> [Source information]
==*==

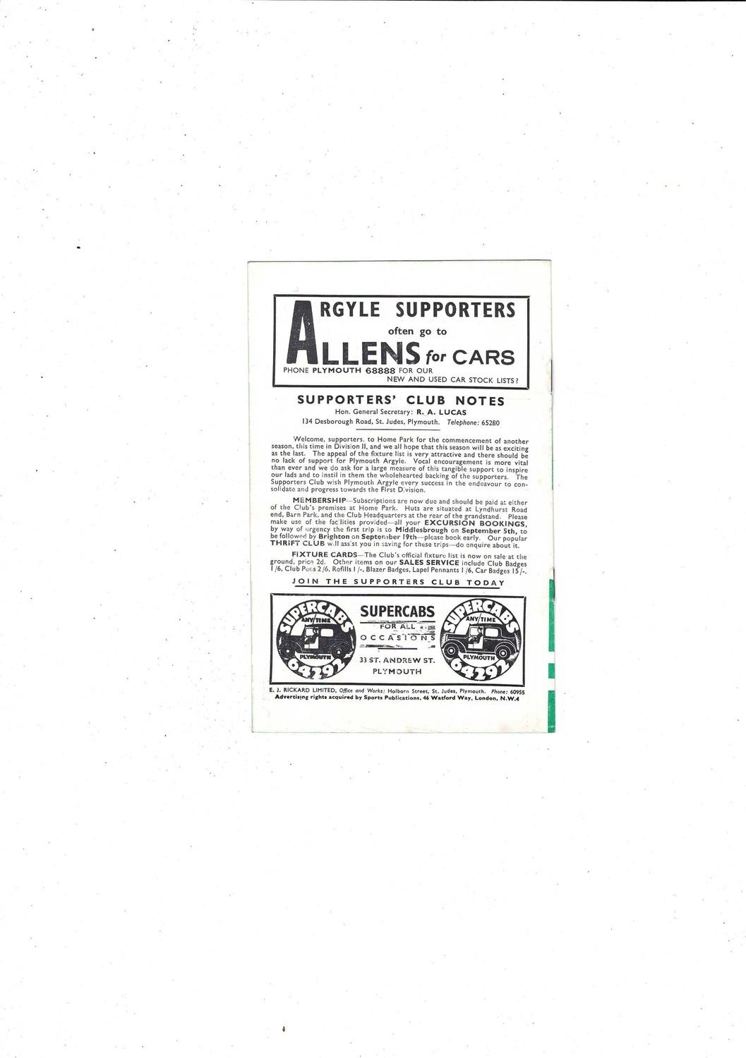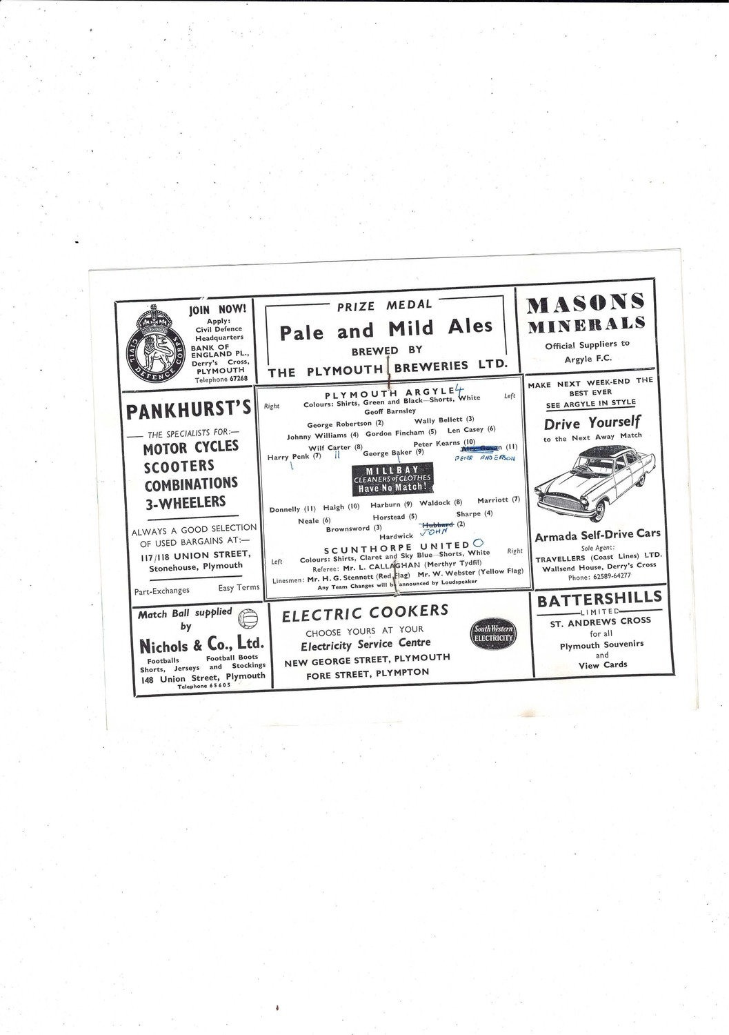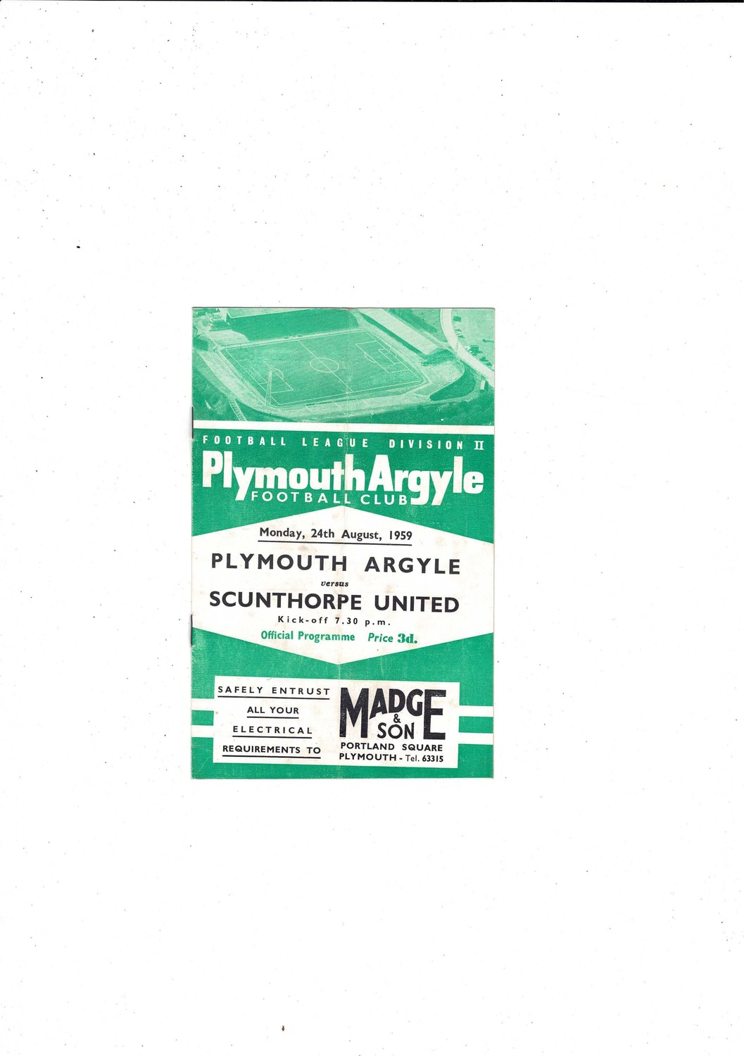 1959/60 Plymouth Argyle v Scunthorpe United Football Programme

==*==

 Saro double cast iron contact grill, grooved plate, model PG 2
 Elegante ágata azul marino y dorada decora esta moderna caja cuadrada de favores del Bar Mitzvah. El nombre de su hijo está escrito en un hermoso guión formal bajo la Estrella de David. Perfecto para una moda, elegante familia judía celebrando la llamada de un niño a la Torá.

==*==

> [Your goal] Copy out precisely the lines from the line with "Saro double cast" to the line with "Elegante ágata azul" in the material above, including those two lines and omitting all the rest.

> [Task result]
 Saro double cast iron contact grill, grooved plate, model PG 2
 Elegante ágata azul marino y dorada decora esta moderna caja cuadrada de favores del Bar Mitzvah. El nombre de su hijo está escrito en un hermoso guión formal bajo la Estrella de David. Perfecto para una moda, elegante familia judía celebrando la llamada de un niño a la Torá.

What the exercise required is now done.